May 9, 2018

**ECE 551 Final Project Report**

Our workflow began with Akshat and Naman writing snn\_core.sv while Jon and Shubham wrote a corresponding testbench. The original plan was for Jon and Shubham to then write snn.sv while the other two wrote their own testbench but debugging snn\_core took a disproportionately long time and limited the progress that could be made to snn. So, Jon wrote rough code for snn and testbench while snn\_core was debugged, and Shubham worked on a synthesis script. After this was complete, labor could not be divided as effectively so all four team members worked together for much of the time to get snn\_core and then snn working.

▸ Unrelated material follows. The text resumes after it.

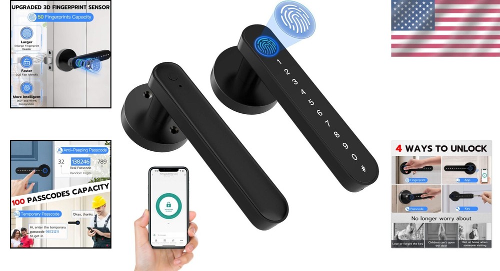 Smart Fingerprint Door Lock - Keyless Entry with App Control & 4 Unlock Methods ‹ › ‹ › ‹ › ‹ › ‹ › ‹ › ‹ › ‹ › Smart Fingerprint Door Lock - Keyless Entry with App Control & 4 Unlock Methods Unlock Your World Effortlessly: 4 Unlocking Methods: Seamlessly access your home with fingerprint unlock, passcode unlock, App control via Bluetooth, or a backup mechanical key. Experience the pinnacle of convenience and security. Impeccable Security Features: High Security & Durability: Crafted from robust Alloy Steel and Zinc, this door lock provides an added layer of safety, perfect for bedrooms, hotels, apartments, and private spaces. Simple Installation: DIY Friendly: Replace your original lock effortlessly with just a screwdriver (included). No additional drilling or locksmith needed. The reversible door handle caters to both left and right-handed doors. Extended Battery Life: Long-lasting Performance: This electronic lock offers low power consumption, assuring over a year of battery life. Receive timely reminders for low battery, and when in need, simply utilize a power bank for emergency access. Unmatched Customer Support: Peace of Mind: Enjoy a 12-month Free Trial and free lifetime technical support. Should you require assistance or wish to replace or refund, our hassle-free customer service stands by your side. Why Choose Our Smart Fingerprint Door Lock? Elevate your home's security with our Smart Fingerprint Door Lock, where cutting-edge technology meets exceptional convenience. With its versatile unlocking methods and robust construction, this lock is designed for modern living. Say goodbye to fumbling for keys and welcome a new era of intelligent home security. Transform your entryway today with our state-of-the-art Smart Fingerprint Door Lock. Shipping Free & Fast Shipping - We offer free shipping to most of the USA with a normal delivery time of 3-7 days. However, due to the current situation, additional delivery time (up to 3 weeks) may be required for some items. Alternative Carriers - We may use alternative carriers (e.g. USPS, FedEx, UPS, etc.) to ensure your package arrives safely and on time. Due to the use of multiple carriers, we are unable to provide a tracking number automatically. Handling Time - Orders are processed and shipped within 1-2 business days of receiving cleared payment. Shipping Restrictions - Shipping to Alaska, Hawaii, Puerto Rico, Guam, and other US territories may incur shipping charges or delivery restrictions. Please contact us before ordering, or your order can be refunded/cancelled. State Restrictions - There may be restrictions based on your state of purchase. For example, certain items may not be shipped to California due to state regulations. Contact for Tracking Updates - If you require tracking updates or have any concerns about the delivery of your order, please feel free to contact us, and we will be happy to assist you. Return 30-Day Hassle-Free Returns - We want you to be completely satisfied with your purchase. If you are not, you can return the item within 30 days of receiving it for a full refund or exchange. Easy Return Process - To start a return, simply contact us and we will provide you with a prepaid return shipping label and detailed instructions. Restocking Fee - There are no restocking fees for returns. However, the buyer is responsible for return shipping costs if the return is not due to a seller's error. Refund Processing Time - Refunds will be processed within 5 business days of receiving the returned item in its original condition. Payment We accept all major credit cards, PayPal, and Apple Pay for your convenience. Your payment information is secure and encrypted to ensure a safe and seamless transaction. Please complete your payment within 3 days of purchase to avoid any delays in shipping. Feedback Your feedback is extremely important to us. We strive to provide the best products and customer service possible. If you are satisfied with your purchase, please take a moment to leave us a positive review. If you have any concerns or issues with your order, please contact us before leaving negative feedback. We are committed to resolving any problems and ensuring your satisfaction. Contact Us If you have any questions or concerns, please feel free to reach out to our customer support team. You can contact us through the eBay messaging system. We are available Monday to Friday, 9:00 am to 5:00 pm EST, and we will do our best to respond to your inquiry within 24 hours. Buy it now and enjoy a pleasant shopping experience! UPC: Not Set Model: Not Set Unit Quantity: 2 Material: Alloy Steel,Zinc Suitable For: Front Door,Bedroom,Interior,Room,Home,Hotel,Garage,Apartment,Cloakroom,Pantry,Closet,Office,School Mounting: Universal Features: Keyless,Fingerprint Unlock,Passcode Unlock,App Controlled,Bluetooth Connectivity,Backup Mechanical Key Unlock,Auto Lock,Passage Mode,Anti-Peeping Passcode,Long Battery Life,Low Power Consumption Items Included: Key,Mechanical Keys,User Manual,Lock Latch,Spindle,Connecting Pipe,Screwdriver,All Screws,Front Handle,Rear Handle,Strike Plate,Strike Hole Cover Brand: Unbranded Type: Smart Lock Color: Black Finish: Oil Rubbed Throw Length: Not Set Item Height: Not Set Item Width: Not Set Cross Bore Diameter: Standard MPN: Not Set Number in Pack: 1 Style: Modern Item Depth: 2.6 in Country/Region of Manufacture: Not Set ANSI Grade: Not Specified Item Weight: 2 lb Door Handing: Universal/Reversible Manufacturer Warranty: Not Set Unit Type: lb Fixings Supplied: Not Set

Initially, we planned to produce a working top-level as described in the project specification prior to making optimizations. However, because debugging snn\_core was behind schedule, we decided to replace some components with optimized modules, given that the originals were not working anyway. Firstly, we replaced the ram\_output\_unit with a simple combination of an 8-bit register storing the current maximum probability of any digit, and a 4-bit register storing the digit to which the maximum probability corresponds. The output signal from the lookup-table was connected directly to the max\_prob register, which updated based on an enable signal dependent on (lut\_out > max\_prob). This both saved ten clock cycles that would be required to read from ram\_output\_unit after it had valid values, as well as the extra area from the ram itself.

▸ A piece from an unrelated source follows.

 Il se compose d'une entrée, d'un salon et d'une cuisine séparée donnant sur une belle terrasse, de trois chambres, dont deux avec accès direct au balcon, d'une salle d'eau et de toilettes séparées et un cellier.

Our second optimization involved an analysis of the given hidden weights. We noticed while debugging snn\_core that many weights at early and late indexes of each hidden node were zero, and found that for all 32 nodes, this was the case for at least the first 36 and the last 11 weights. There was no reason to make any calculations at indexes corresponding to these weights because they could not contribute to any value being accumulated in the MAC. So, instead of iterating through 784 input values and weights, we simply began iterating from 36 and ended at (783 -11). This saved [(36 + 11) \* 32], or 1504 clock cycles per digit. By using this method, we also bypassed the need for back porch states between calculating hidden and output values by letting the input address counter go to two values higher than the address of the last relevant input, 774 instead of 772, before changing states.

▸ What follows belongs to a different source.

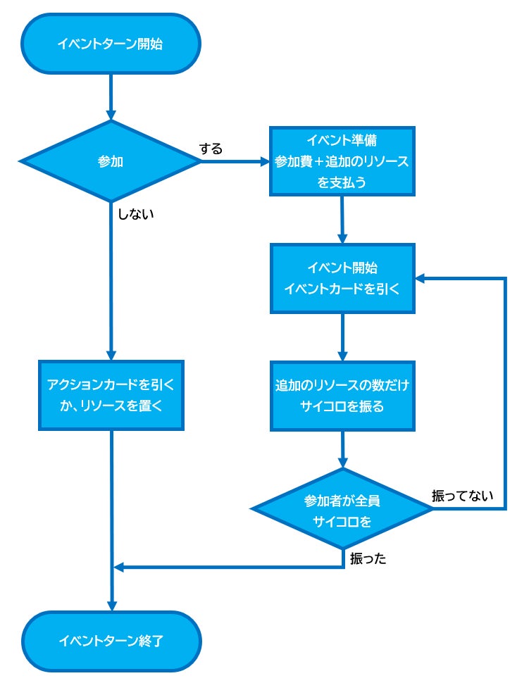 イベントは参加したプレイヤーだけで時計回りに進めます。自分の番に行うことは以下の通りです。

We accounted for two extra clock cycles when calculating output unit values in the same way. Instead of back porch states in the state machine, we had a counter which detected the end of readings for an output node at a hidden weight count of 34 instead of 32. This is a little weird and was honestly done because we were having trouble producing the proper functionality with back porch states. However, based on our implementation, it does not sacrifice notable performance or area. The number of clock cycles needed is the same. We had to add a sixth bit to our hidden unit counter logic (still connecting only the first five to the address of ram\_hidden) to be able to reach 34, but we also were able to remove a bit from both the state and next\_state registers because it reduces the total number of needed states from 6 to 4.

Finally, while Jon and Shubham worked on FPGA testing, Akshat and Naman began implementing a parallel MAC and probability comparator structure in a separate branch to improve performance, but given time constraints, we opted to abandon this and make sure our functional code was in good order. If we had more time, this would be the next optimization to complete, as it would improve performance drastically more than any other single change what we could conceive.

The final program that we loaded to the FPGA for our presentation was similar to Professor Kim’s, based on his sample Quartus analysis being comparable to our own:

|  |  |  |
| --- | --- | --- |
| **Summary** | **Professor Kim’s design** | **Group 5’s design** |
| Total logic elements | 314 | 294 |
| Total registers | 152 | 152 |
| Total memory bits | 283,904 | 283,904 |
| Embedded Multiplier 9-bit elements | 1 | 1 |
| Cycles (“start” to “done”) | 25,535 | 24,065 |